The Alpina B3 2.7 was produced from August 1987 to May 1992. A total of 257 units were manufactured in Buchloe, the number of units includes all variants. The basis for this was the BMW E30 325i (BMW E30) with the M20 engine. It had an in-line six-cylinder with a displacement of 2693 cm^{3} and had an output of 150 kW (204 hp) and a torque of 265 Nm. The machine had a larger displacement than the series, machined combustion chambers, a 268° camshaft (later 272°) and special cast pistons. Furthermore, a manifold made of VA steel and two metal catalytic converters were attached.

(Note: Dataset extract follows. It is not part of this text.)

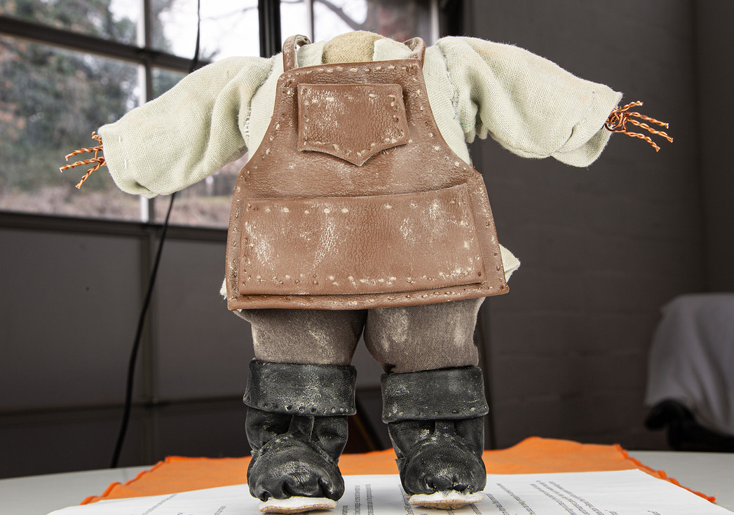 The following slides show the progress of the Professor Asset. First the finished product after lookdev in Substance Painter. The next 2 slide are frames from the photogrammetry shoot with and without the apron, which we wanted separate control of in the rig. Next, the raw scan data output from Agisoft Metashape, then the texture output. The texture was put through a delighting process before being further modified in Painter for the final character. Lastly, we have a native 3D asset for the welders goggles which weren't built in puppet form, but crafted to match the existing scans.

The stated performance was achieved through these measures. The B3 accelerated from 0 to 100 km/h in 7.1 seconds and reached a top speed of 227 (224) km/h. The M20-C2/2 engine is the smallest engine variant that Alpina made during the Noelle era. Karl-Otto Noelle was an engine developer at Alpina from 1984 to 1993.

In addition, there was a version of the BMW E30 M3 with the designation B6 3.5 S and the 3.43-liter six-cylinder, which was significantly revised (Alpina engine type B10 / 5, 3430 cc, 187 kW / 254 PS, 320 Nm).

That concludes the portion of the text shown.